In mathematics, the "zero of a function" refers to any input value that results in the output of the function being zero. For a function \(f(x)\), the zero is a solution to the equation \(f(x) = 0\). Finding the zero of a function is important because it tells us where the graph of the function intersects the x-axis.
In the given piecewise function, we have two different expressions based on the interval of \(x\):

• -x + 2, when -2 ≤ x < 0
• -(x^2 + 2), when 0 ≤ x ≤ 2

The task is to determine if \(f(x) = 0\) for any \(x\) in the interval [-2,2]. However, as seen in the solution, there are no values of \(x\) such that \(f(x) = 0\) for either expression within their respective intervals. As a result, the function has no zero in the given interval.

Continuity of a function at a point means that the function is defined at that point, the limit exists at that point, and the limit equals the function's value at that point. If a function is not continuous at a point, it means there is some kind of "break" or "gap." In this exercise, we check the continuity of the piecewise function at the point where the definitions change, which is \(x = 0\).
To assess continuity at \(x = 0\), we look at the limits of the function as \(x\) approaches 0 from both sides:

• The left-hand limit: \( \lim_{x\to0^-}(-x + 2) = 2\).
• The right-hand limit: \( \lim_{x\to0^+}(-(x^2 + 2)) = -2\).

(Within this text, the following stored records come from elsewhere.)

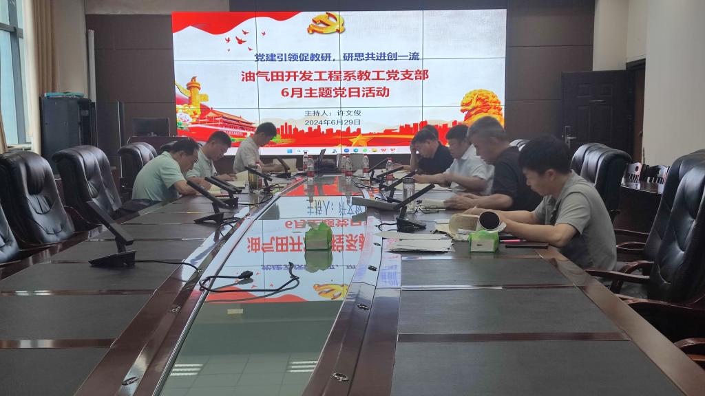 (通讯员:白振玮 许文俊)6月29日上午,油气田开发工程系教工党支部在石油科技大楼B113召开了“党建引领促教研,研思共进创一流”6月主题党日活动,由支部书记许文俊同志主持。
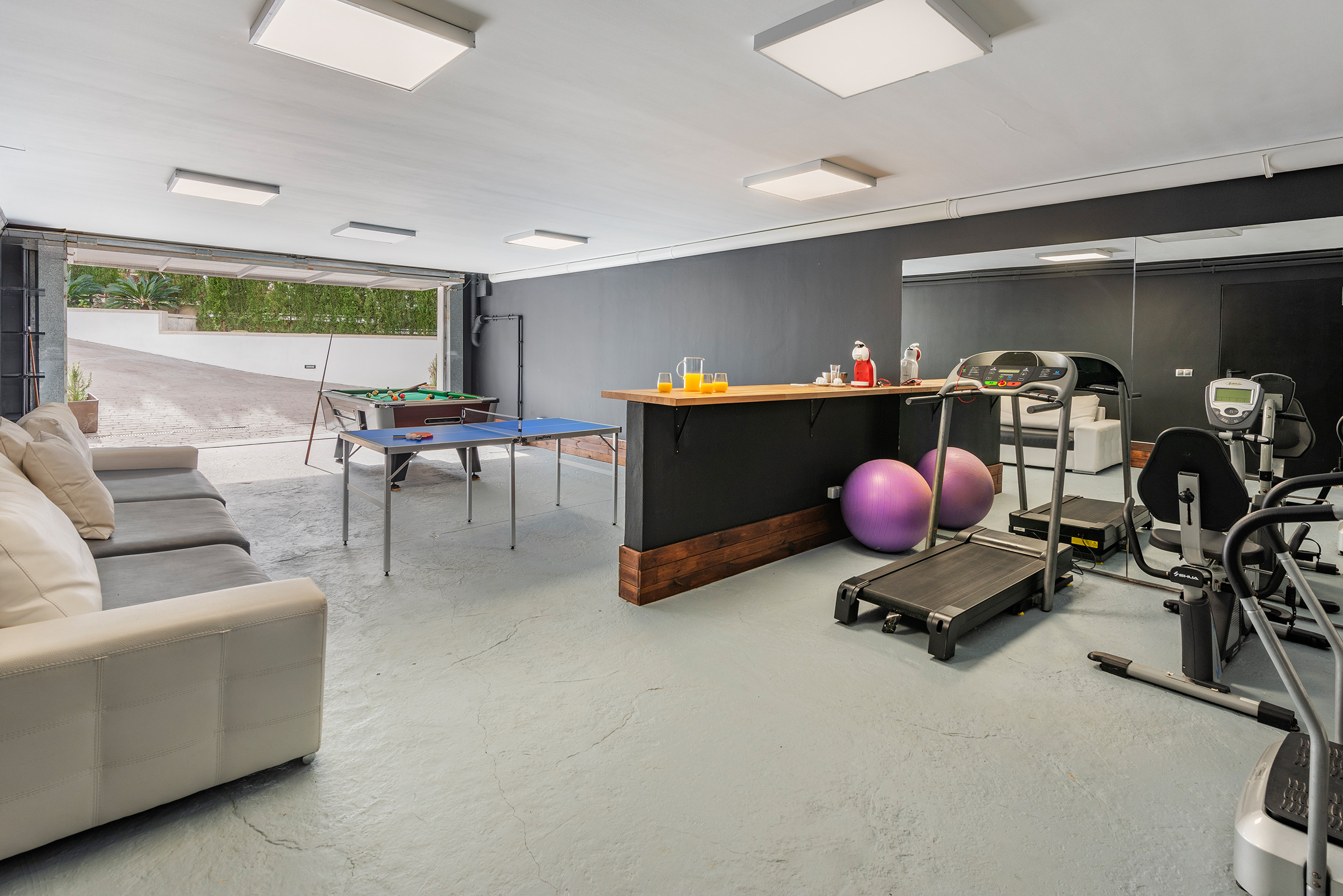 In the basement we find the laundry, garage and leisure area with ping pong table, etc.
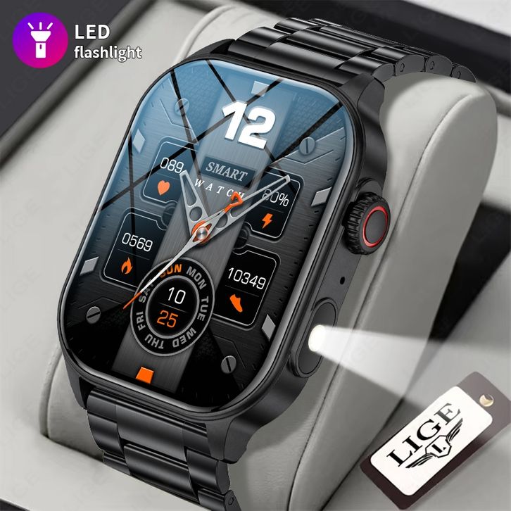 Smart Watch Pria 2.01 inci Layar HD Dengan Lampu LED 370mAh Tahan Air Luar Ruangan Monitor Kesehatan Olahraga Jam

Since these two limits are not equal, the function is discontinuous at \(x = 0\). This discontinuity means we cannot apply the intermediate value theorem around this point.

The Intermediate Value Theorem (IVT) is an important concept in calculus. It states that if a function is continuous over a closed interval \([a, b]\) and \(f(a)e f(b)\), then the function takes every value between \(f(a)\) and \(f(b)\) at some point in the interval. This theorem is often used to prove that a function has a zero within a specific interval. However, in the given problem, the function \(f(x)\) is discontinuous at \(x = 0\). Because the IVT requires the function to be continuous over the entire interval \([-2, 2]\), we cannot use it to make any inferences in this case. This discontinuity breaks the required conditions for applying the Intermediate Value Theorem.

Function analysis involves investigating the properties and behavior of a function. In this exercise, such analysis involves understanding the specific nature of the piecewise function and its components.
For the piecewise function

• The first piece, \(-x + 2\), is linear and decreasing for its interval \(-2 ≤ x < 0\). It has no zero within its designated interval.
• The second piece, \(-(x^2 + 2)\), is quadratic and always negative because the quadratic expression \(x^2 + 2\) is always positive for real numbers. Hence, \(-(x^2 + 2)\) never equals zero for \(0 ≤ x ≤ 2\).

Additionally, analyzing the continuity at the intersection point \(x = 0\) reveals a discontinuity. Collectively, this information confirms that \(f(x)\) has no zeros within the specified range. By conducting a thorough analysis, we gain deeper insights into the behavior and properties of the function.